I have followed this tuto to solve an MIP with or-tools: https://developers.google.com/optimization/mip/integer_opt

Here is the code:

from ortools.linear_solver import pywraplp


def main():
    # Create the mip solver with the SCIP backend.
    solver = pywraplp.Solver.CreateSolver('SCIP')

    infinity = solver.infinity()
    # x and y are integer non-negative variables.
    x = solver.IntVar(0.0, infinity, 'x')
    y = solver.IntVar(0.0, infinity, 'y')

    print('Number of variables =', solver.NumVariables())

    # x + 7 * y <= 17.5.
    solver.Add(x + 7 * y <= 17.5)

    # x <= 3.5.
    solver.Add(x <= 3.5)

    print('Number of constraints =', solver.NumConstraints())

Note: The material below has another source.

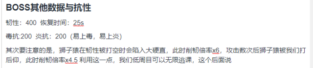 原理讲起来也挺容易的,首先狮子猿有小后仰和大后仰,小后仰硬直期间削韧倍率x6,大后仰硬直期间削韧倍率x4.5,利用这个点,我们要卡好韧性,首先是不能再在大后仰期间打空韧性,一定要留一点韧性,等到狮子猿离开硬直后再打空,不然浪费了玩家的削韧,其次就是这个打法只适合一二周目的玩家,因为高周目削韧会有减少。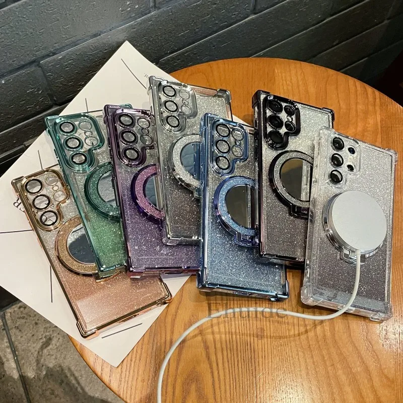 Four Corner Shockproof Acrylic Case For Samsung Galaxy S24 Ultra S23 S22 S21 Plus FE Clear Glitter Mirror Magnetic Stand Cover

    # Maximize x + 10 * y.
    solver.Maximize(x + 10 * y)

    status = solver.Solve()

    if status == pywraplp.Solver.OPTIMAL:
        print('Solution:')
        print('Objective value =', solver.Objective().Value())
        print('x =', x.solution_value())
        print('y =', y.solution_value())
    else:
        print('The problem does not have an optimal solution.')

    print('\nAdvanced usage:')
    print('Problem solved in %f milliseconds' % solver.wall_time())
    print('Problem solved in %d iterations' % solver.iterations())
    print('Problem solved in %d branch-and-bound nodes' % solver.nodes())


if __name__ == '__main__':
    main()

Now my problem is to obtain the dual problem, or at least the values of the dual variables. I have found this piece of code https://github.com/google/or-tools/issues/419 but they don't implement constraints in the same way, and I'd rather not have to rewrite the whole code (which is now pretty long).


Solution

  • The dual variables are not exposed. I am not even sure they are created. Furthermore, dual values are only available for pure LP, not for MIPs.